太田述正コラム#9377(2017.10.3)
<アングロサクソンと仏教–米国篇(その20)/2017.9.30東京オフ会次第(続々)>(2018.1.16公開)
2番目の種類の不完全燃焼感は、仏教への懐疑論者達ではなく、仏教の熱烈なファン達が抱いているものだ。
彼らは、瞑想が、余りにもありふれたものになったために、少なくとも若干の諸界隈において、世界のアダム・グラント達から嘲笑を呼んでいることを嘆いているのだ。
これらの仏教の純粋性追求者達は、ストレスを減少させることに反対しているわけではない。

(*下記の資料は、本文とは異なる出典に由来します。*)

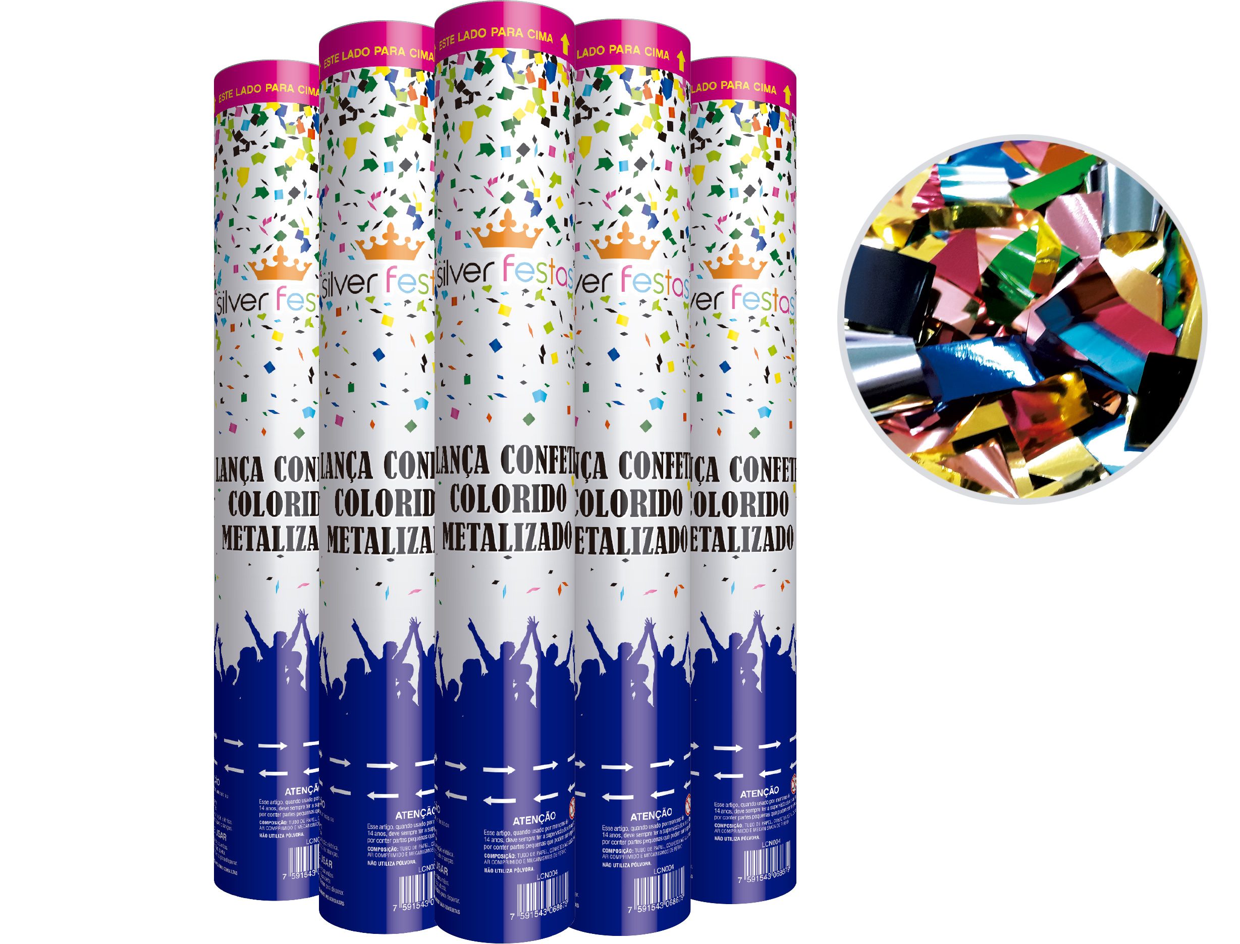 COMPOSIÇÃO: Tubo de Papel, confetes metalizados, ar comprimido e mecanismo de ferro. NÃO UTILIZA POLVORA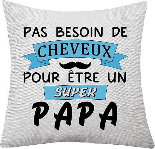Papa Housse de Coussin Cadeau de la Fête des Pères Cadeau de Papa Fille Fils Taie D'oreiller pour Papa Grand-Père Beau-Père Oncle Housse de Coussin Taie D'oreiller Homme Anniversaire Noël (Cheveux)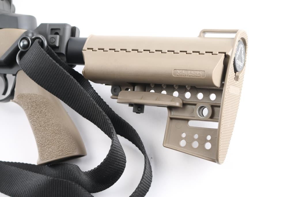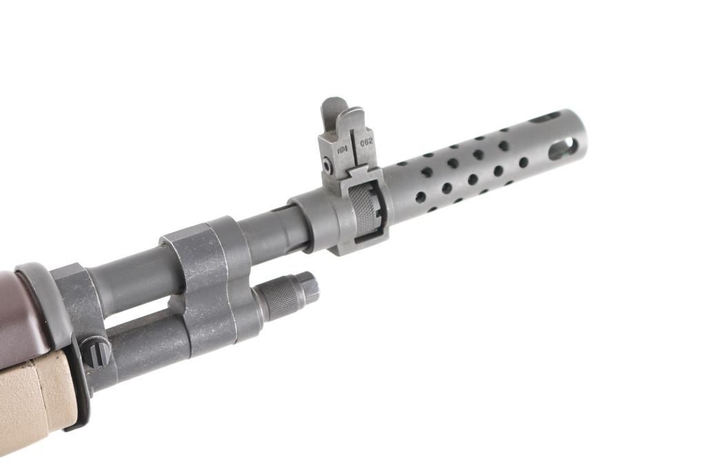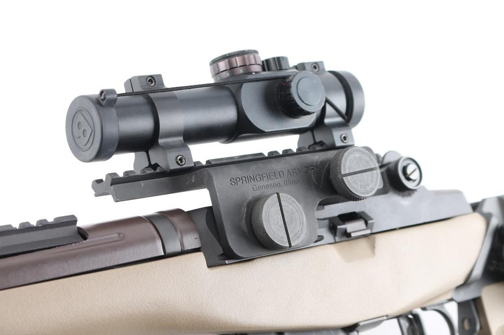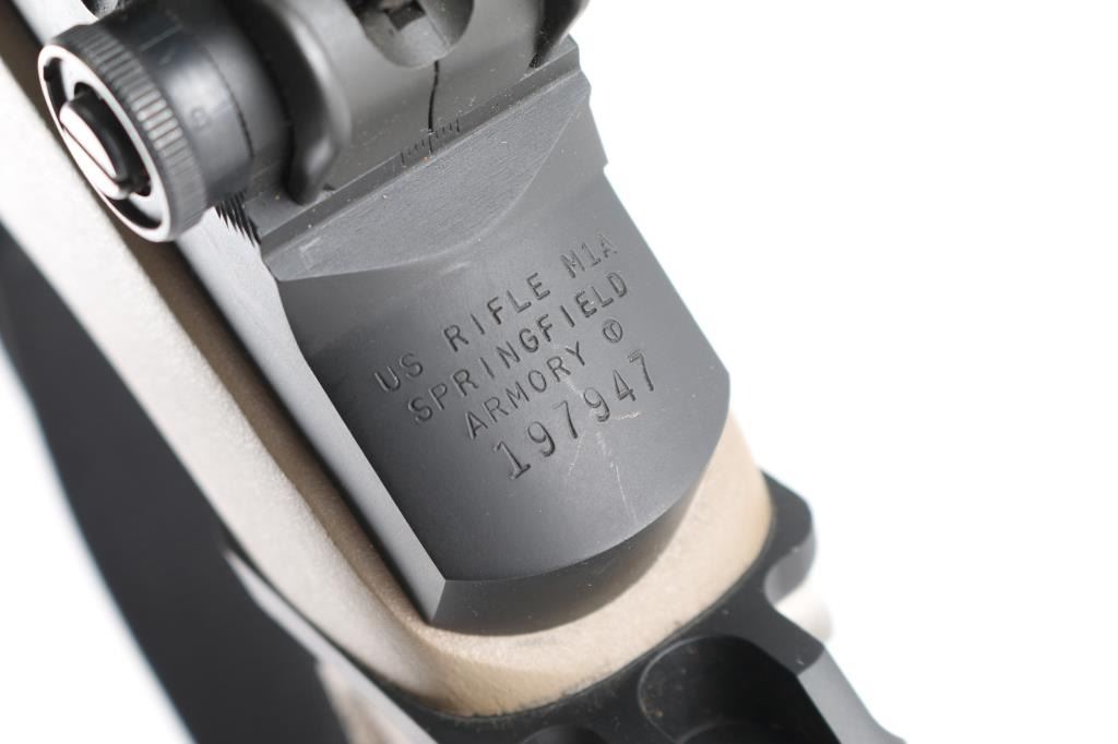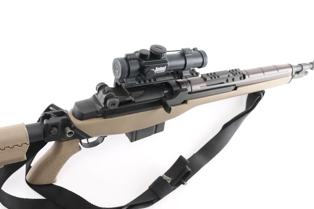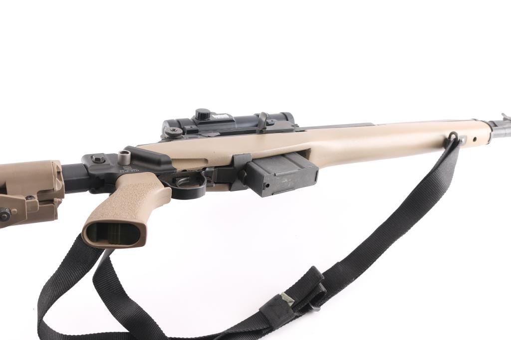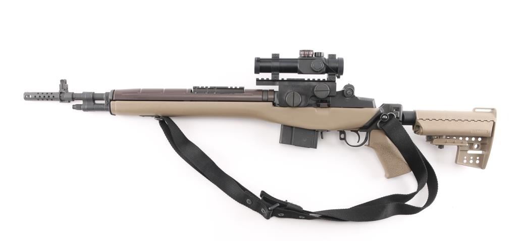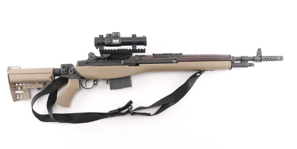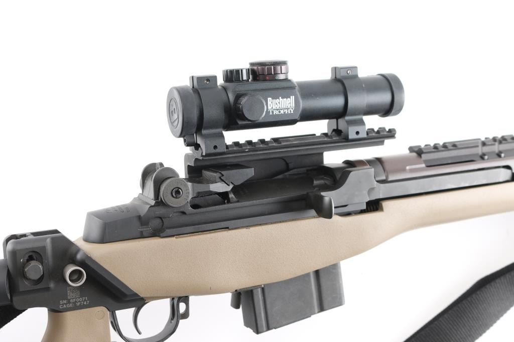 'Scout' semi-automatic rifle based on the US military M14, chambered in 308 Winchester. Features a parkerized finish, 18" barrel, proprietary muzzle break without bayonet lug, shrouded NM .069 blade front sight, adjustable rear aperture sight, smooth two-stage trigger, manual safety, detachable 10 round magazine, FDE-colored synthetic handguard. FDE VLTOR stock with stippled AR style pistol grip, adjustable shoulder stock with dual battery compartments and QD cups. Bore is in very good condition with strong rifling, slightly dirty. Rifle retains approx 95% of its original finish showing very little slide wear on the receiver & bolt. Stock is in very good condition. Comes with one 10 rd magazine and black web sling with quick release swivel, Bushnell Trophy red dot mounted on a Springfield Armory scope mount.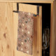 Kitchen towel in a mid-century modern pattern of seven-point, outlined stars, in shades of brown, taupe, beige and cream, on a medium coffee brown background

結局のところ、仏陀は、苦しみからの解放を説いたのだから。
しかし、解放は精神的な努力(endeavor)である、と想定されている。
その観念とは、この世界を、明晰に・・その諸含意において急進的にして、あなたを苦しみから解放するだけでなく、あなたの同輩たる人々を含むところの、あなたの現実それ自体についての、ないし、あなたの現実との関係についての、見解を改変させるように明晰に・・見るために、通常の意識に充満している惑いを突き抜けることだ。
ケルアックが指し示す、「非自身」や「空(emptiness)」のような、掴みどころのない(obscure)、仏教の基本的諸観念についての、深い、経験的な理解を得ることは、瞑想に耽る(contemplative)営み(project)における核心であるとされてきた。
しかし、この究極的な目標は、どれだけ到達するのが困難であっても、そして、どれだけ究極的にそこに到達する人々が僅かであっても、「覚醒(awakening)」、すなわち、啓蒙、解放、涅槃、に他ならないのだ。」(C)
(続く)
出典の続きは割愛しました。